6-4.自然災害損保契約照会制度を活用!
保険契約照会の方法は、保険契約者(対象住民)から提供してもらった情報を、日本損害保険協会の全会員会社へ連絡し、各保険会社は契約の有無を調査します。
該当する契約があった場合は、基本的にご自分が保険契約した保険会社から、照会を依頼した人へ連絡があります。
その後、保険金を請求する手続きが行われることになります。ただし、照会受付から連絡まで2週間程度が目安となります。自然災害の規模が大きければ、更に時間がかかることも想定されます。
自然災害損保契約照会センターでの照会が利用可能な方々は、なるべく被災された保険契約者本人で行う必要があります。
ただし、負傷して対応が難しい場合や、残念ながら死亡してしまうこともあるでしょう。
その際に、保険契約者本人の配偶者や両親、子または兄弟姉妹の方々であれば契約照会は可能です。
7.まとめ
保険証券は、保険契約を締結した際の領収書ではありません。

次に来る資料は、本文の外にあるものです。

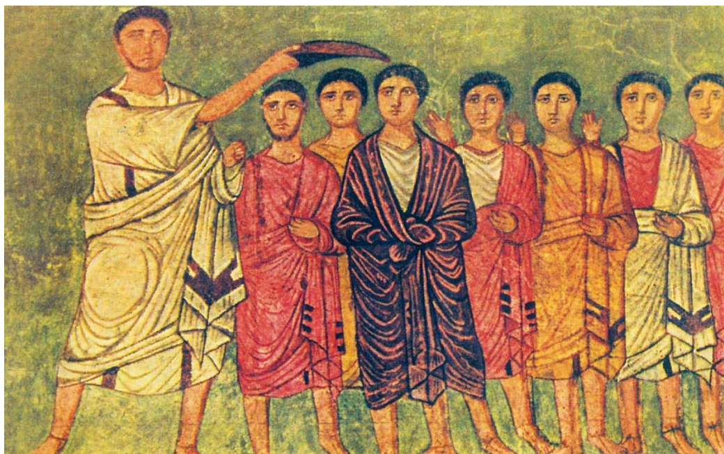
Obr. 1 – David pomazán na krále prorokem Samuelem, cca 230 po Kr., freska, synagoga v Dura Europos, Sýrie.

保険事故が起きた場合に、不可欠な書類となります。
ただし、前述したように自然災害で保管していた建物自体が倒壊、流出し証券の行方が分からなくなることもあります。
このような事態に備えるためにも、ご自分の身に着けている手帳や携帯に証券番号を記録しておけば、スムーズに保険金の請求手続きが進むことでしょう。